Improve error handling around Device Agent tunnels #2488

knolleary · 2023-07-14T11:47:11Z

Part of #2483

Description

This modifies the Device Agent tunnel handling to improve its overall error handling and resiliance.

If the tunnel (websocket from the device agent) closes, it now allows the device agent to reconnect its tunnel. Previously we would discard the whole tunnel and require the user to toggle the enable/disable editor button to get it working again.

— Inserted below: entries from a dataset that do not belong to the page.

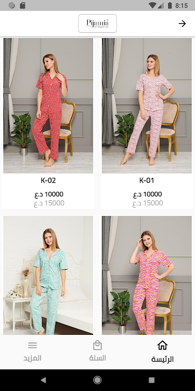 Application for displaying the products of Pijamia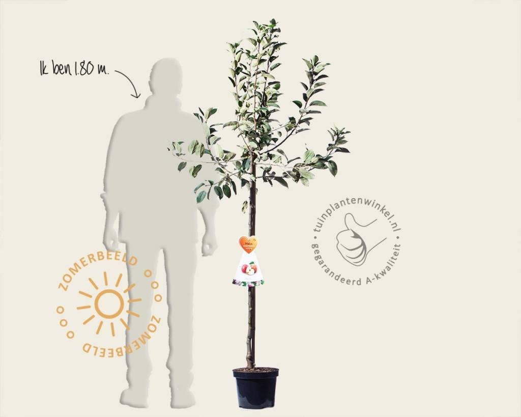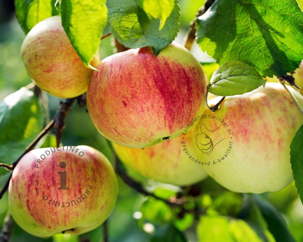 Malus domestica 'Gravenstein' - halfstam is makkelijk te snoeien. Het voordeel van een halfstamfruitboom is dat de grond onder de stam voor onderhoud gemakkelijk te bereiken is. De beste fruitopbrengst verkrijgt u door veelvuldig te snoeien, zodat de boom licht en luchtig blijft, met een beperkt aantal hoofdtakken. De hoogte van de tuinplant bepaalt u hierbij zelf. Vanuit de hoofdtakken zullen elk jaar nieuwe takjes omhoog groeien. Knip deze takjes op 10 cm van de hoofdtak terug. De korte takjes van 10 cm die overblijven worden dikker. Hieraan vormen zich in de loop van de jaren de bloemen die kunnen uitgroeien tot vruchten. Het snoeien van een appelboom dient in wintermaanden te gebeuren, bij vorstvrij weer.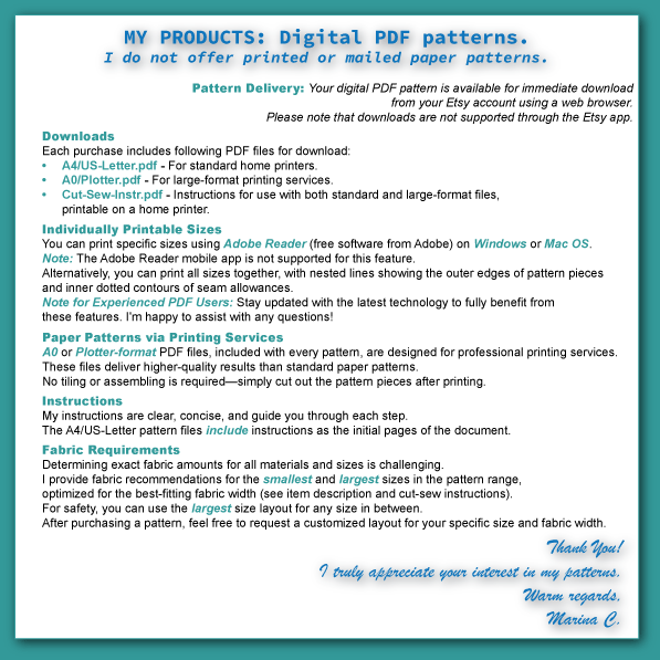 📥 WHAT YOU RECEIVE - digital PDF sewing pattern (NO paper pattern is posted):

To provide better feedback to the user, when the Editor is 'enabled', the page polls every 5 seconds in case of any status change. If it finds the editor is enabled, but the device agent is not currently connected, it shows the following (and disables the Open Editor button).

In this case, the Device Agent will either reconnect of its own accord or the enable/disable button will have to be toggled to trigger the agent to reconnect.

It also now does a better job of handling websocket disconnects from editors. Previously it did nothing if an editor closed its window - it will now send a notification to the device agent so it can close its corresponding websocket.

The same is true in reverse - the Device Agent will (once the companion PR is merged) send a closed notification over the tunnel if Node-RED closes a websocket connection. This allows the platform to close the corresponding editor websocket - which in turn ensures the editor shows the 'lost connection to server' message.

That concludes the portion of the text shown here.